• What to produce: Please output the lines shown below exactly as they appear.

• Data extract:

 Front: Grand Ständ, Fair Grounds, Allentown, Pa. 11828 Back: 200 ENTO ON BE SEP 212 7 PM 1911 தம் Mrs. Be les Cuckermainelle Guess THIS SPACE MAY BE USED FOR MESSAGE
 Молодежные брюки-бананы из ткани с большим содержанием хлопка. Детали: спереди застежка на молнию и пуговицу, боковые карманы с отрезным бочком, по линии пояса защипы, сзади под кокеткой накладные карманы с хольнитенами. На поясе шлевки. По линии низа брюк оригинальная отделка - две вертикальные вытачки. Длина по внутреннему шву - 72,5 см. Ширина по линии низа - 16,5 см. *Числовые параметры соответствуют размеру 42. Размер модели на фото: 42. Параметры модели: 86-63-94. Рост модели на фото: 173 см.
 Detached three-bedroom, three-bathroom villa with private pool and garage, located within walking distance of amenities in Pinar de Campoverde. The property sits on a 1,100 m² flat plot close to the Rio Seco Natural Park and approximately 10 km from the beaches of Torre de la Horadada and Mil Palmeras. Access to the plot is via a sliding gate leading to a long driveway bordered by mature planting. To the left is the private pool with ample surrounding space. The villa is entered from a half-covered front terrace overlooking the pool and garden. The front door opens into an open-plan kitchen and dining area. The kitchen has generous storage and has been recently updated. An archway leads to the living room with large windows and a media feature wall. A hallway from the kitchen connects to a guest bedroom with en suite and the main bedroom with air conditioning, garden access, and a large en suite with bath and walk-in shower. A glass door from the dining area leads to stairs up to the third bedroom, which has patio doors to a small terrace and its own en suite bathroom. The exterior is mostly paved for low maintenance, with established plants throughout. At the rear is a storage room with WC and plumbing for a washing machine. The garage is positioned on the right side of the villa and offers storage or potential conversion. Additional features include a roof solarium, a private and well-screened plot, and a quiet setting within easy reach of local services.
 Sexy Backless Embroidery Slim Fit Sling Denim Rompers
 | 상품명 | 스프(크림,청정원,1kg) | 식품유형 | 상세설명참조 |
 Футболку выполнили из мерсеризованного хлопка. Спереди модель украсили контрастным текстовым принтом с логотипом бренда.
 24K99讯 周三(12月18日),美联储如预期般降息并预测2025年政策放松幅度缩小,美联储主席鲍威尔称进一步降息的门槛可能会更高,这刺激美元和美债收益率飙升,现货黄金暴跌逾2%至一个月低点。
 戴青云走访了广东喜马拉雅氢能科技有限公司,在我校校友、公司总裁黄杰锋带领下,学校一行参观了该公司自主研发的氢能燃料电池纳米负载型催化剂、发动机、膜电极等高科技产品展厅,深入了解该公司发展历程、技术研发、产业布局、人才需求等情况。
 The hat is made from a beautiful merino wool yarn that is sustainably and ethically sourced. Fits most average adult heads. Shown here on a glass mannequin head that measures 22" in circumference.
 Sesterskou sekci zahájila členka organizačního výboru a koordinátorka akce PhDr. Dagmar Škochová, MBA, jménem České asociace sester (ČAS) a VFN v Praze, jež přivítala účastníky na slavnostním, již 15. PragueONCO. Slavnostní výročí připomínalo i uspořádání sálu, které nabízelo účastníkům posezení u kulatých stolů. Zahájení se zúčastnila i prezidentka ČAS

• Your response:
 Front: Grand Ständ, Fair Grounds, Allentown, Pa. 11828 Back: 200 ENTO ON BE SEP 212 7 PM 1911 தம் Mrs. Be les Cuckermainelle Guess THIS SPACE MAY BE USED FOR MESSAGE
 Молодежные брюки-бананы из ткани с большим содержанием хлопка. Детали: спереди застежка на молнию и пуговицу, боковые карманы с отрезным бочком, по линии пояса защипы, сзади под кокеткой накладные карманы с хольнитенами. На поясе шлевки. По линии низа брюк оригинальная отделка - две вертикальные вытачки. Длина по внутреннему шву - 72,5 см. Ширина по линии низа - 16,5 см. *Числовые параметры соответствуют размеру 42. Размер модели на фото: 42. Параметры модели: 86-63-94. Рост модели на фото: 173 см.
 Detached three-bedroom, three-bathroom villa with private pool and garage, located within walking distance of amenities in Pinar de Campoverde. The property sits on a 1,100 m² flat plot close to the Rio Seco Natural Park and approximately 10 km from the beaches of Torre de la Horadada and Mil Palmeras. Access to the plot is via a sliding gate leading to a long driveway bordered by mature planting. To the left is the private pool with ample surrounding space. The villa is entered from a half-covered front terrace overlooking the pool and garden. The front door opens into an open-plan kitchen and dining area. The kitchen has generous storage and has been recently updated. An archway leads to the living room with large windows and a media feature wall. A hallway from the kitchen connects to a guest bedroom with en suite and the main bedroom with air conditioning, garden access, and a large en suite with bath and walk-in shower. A glass door from the dining area leads to stairs up to the third bedroom, which has patio doors to a small terrace and its own en suite bathroom. The exterior is mostly paved for low maintenance, with established plants throughout. At the rear is a storage room with WC and plumbing for a washing machine. The garage is positioned on the right side of the villa and offers storage or potential conversion. Additional features include a roof solarium, a private and well-screened plot, and a quiet setting within easy reach of local services.
 Sexy Backless Embroidery Slim Fit Sling Denim Rompers
 | 상품명 | 스프(크림,청정원,1kg) | 식품유형 | 상세설명참조 |
 Футболку выполнили из мерсеризованного хлопка. Спереди модель украсили контрастным текстовым принтом с логотипом бренда.
 24K99讯 周三(12月18日),美联储如预期般降息并预测2025年政策放松幅度缩小,美联储主席鲍威尔称进一步降息的门槛可能会更高,这刺激美元和美债收益率飙升,现货黄金暴跌逾2%至一个月低点。
 戴青云走访了广东喜马拉雅氢能科技有限公司,在我校校友、公司总裁黄杰锋带领下,学校一行参观了该公司自主研发的氢能燃料电池纳米负载型催化剂、发动机、膜电极等高科技产品展厅,深入了解该公司发展历程、技术研发、产业布局、人才需求等情况。
 The hat is made from a beautiful merino wool yarn that is sustainably and ethically sourced. Fits most average adult heads. Shown here on a glass mannequin head that measures 22" in circumference.
 Sesterskou sekci zahájila členka organizačního výboru a koordinátorka akce PhDr. Dagmar Škochová, MBA, jménem České asociace sester (ČAS) a VFN v Praze, jež přivítala účastníky na slavnostním, již 15. PragueONCO. Slavnostní výročí připomínalo i uspořádání sálu, které nabízelo účastníkům posezení u kulatých stolů. Zahájení se zúčastnila i prezidentka ČAS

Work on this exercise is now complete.